The normalized approach to holding data greatly simplifies displaying it hierarchically in the user interface. Figure 7 shows the loops in the page.

ProductMonthCounts?Where Things Get Interesting
There is a lot going on in the page with five separate multi-record controls nested three levels deep. First, each is bound using a different approach. The outermost loop for products is bound in the code-behind page; the nested loops are bound using data-binding syntax; and the innermost loop, for ProductMonthCounts, is bound in the ItemDataBound event of the nested OrderDetails (products) Repeater.

Figure 7. Loops In Search Results: The arrows show the inner and outer loops required to display the hierarchical data.

The innermost loop is the most complex. You have to bind it in the ItemDataBound event primarily because it requires a custom sort order. The custom sorting is required because the database doesn't return months where no products were sold; the middle tier inserts those records. Consequently, the order of records is incorrect in the dataset.

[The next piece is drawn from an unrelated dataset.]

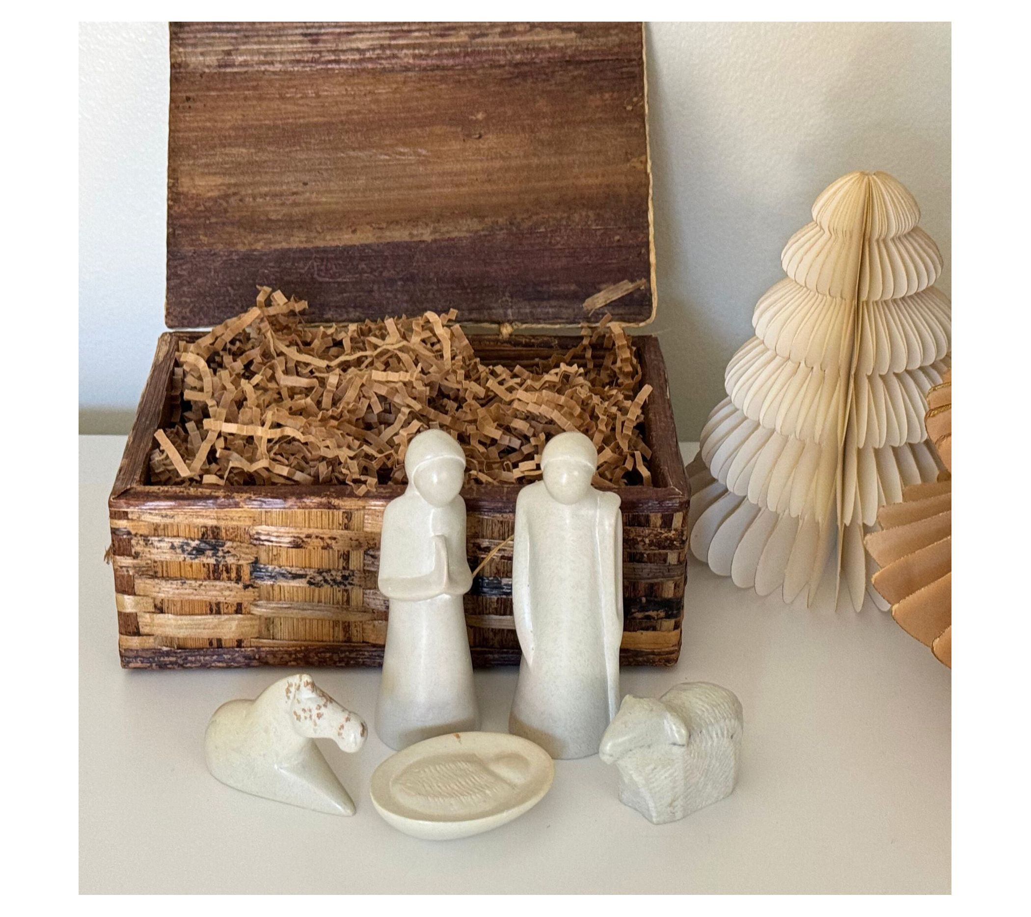 Embrace the spirit of the season with the Global Crafts 5-piece holy family soapstone nativity set. Each piece is meticulously carved from natural soapstone, showcasing the timeless Christmas story. The set comes in a charming banana fiber barn box, perfect for storage and display. From Global Crafts.

The relevant section of code sorts by the FirstDayInMonth field and binds to records that match the current product and customer:

   string strCriteria = String.Format(     "ProductId={0} AND CustomerID='{1}'",      intProductId,     strCustomerID);   rptProductCountMonths.DataSource =      tdsSearchResults.ProductMonthCounts.Select(     strCriteria,      "FirstDayInMonth");   rptProductCountMonths.DataBind();

Another interesting aspect of the innermost loop is the code that dynamically sets the background color to a deeper shade depending on the number of orders sold.

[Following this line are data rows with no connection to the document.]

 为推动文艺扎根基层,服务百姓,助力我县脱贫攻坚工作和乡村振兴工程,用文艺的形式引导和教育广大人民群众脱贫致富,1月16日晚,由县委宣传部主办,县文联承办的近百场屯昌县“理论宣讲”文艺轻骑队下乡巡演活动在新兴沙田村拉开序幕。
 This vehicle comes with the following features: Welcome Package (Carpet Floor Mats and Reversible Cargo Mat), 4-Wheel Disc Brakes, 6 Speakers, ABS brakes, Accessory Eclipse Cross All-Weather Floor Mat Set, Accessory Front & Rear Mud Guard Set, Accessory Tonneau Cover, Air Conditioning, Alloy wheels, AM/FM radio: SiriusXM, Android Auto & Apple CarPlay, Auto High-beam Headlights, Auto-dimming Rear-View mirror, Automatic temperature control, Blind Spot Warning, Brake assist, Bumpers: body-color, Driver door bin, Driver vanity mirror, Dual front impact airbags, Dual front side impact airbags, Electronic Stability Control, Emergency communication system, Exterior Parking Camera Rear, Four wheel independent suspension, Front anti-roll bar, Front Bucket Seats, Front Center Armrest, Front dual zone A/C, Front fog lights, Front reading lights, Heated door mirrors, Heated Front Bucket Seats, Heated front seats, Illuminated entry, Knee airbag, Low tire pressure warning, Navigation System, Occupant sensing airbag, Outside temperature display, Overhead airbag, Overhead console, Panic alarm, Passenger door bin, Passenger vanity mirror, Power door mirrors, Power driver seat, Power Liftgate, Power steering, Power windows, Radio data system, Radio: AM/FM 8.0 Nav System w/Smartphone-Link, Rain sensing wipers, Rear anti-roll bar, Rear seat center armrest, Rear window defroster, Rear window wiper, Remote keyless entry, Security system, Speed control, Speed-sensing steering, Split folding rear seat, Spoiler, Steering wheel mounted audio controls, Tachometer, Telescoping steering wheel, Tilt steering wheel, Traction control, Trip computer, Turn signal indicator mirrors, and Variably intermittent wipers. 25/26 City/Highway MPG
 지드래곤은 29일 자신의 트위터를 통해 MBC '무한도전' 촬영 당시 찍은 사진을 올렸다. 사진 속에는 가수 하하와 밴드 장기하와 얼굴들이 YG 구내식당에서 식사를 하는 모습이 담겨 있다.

GetBgColorFromQuanity() takes a quantity of products sold, computes red, green, and blue values and returns an HTML color with a call to:

   System.Drawing.ColorTranslator.ToHtml(     System.Drawing.Color.FromArgb(intRed, intGreen, intBlue)     ); 

This is yet another application of the data-binding syntax.

Even if you don't need to display hierarchical data frequently, a thorough understanding of control hierarchy, data-binding syntax, and events of multi-record controls will empower your code and help you create more robust and maintainable solutions. At first, using nested controls may seem more complicated than the traditional approach of building HTML tables in code, but when you're asked to change your UI the day the application is due, you'll be glad you did.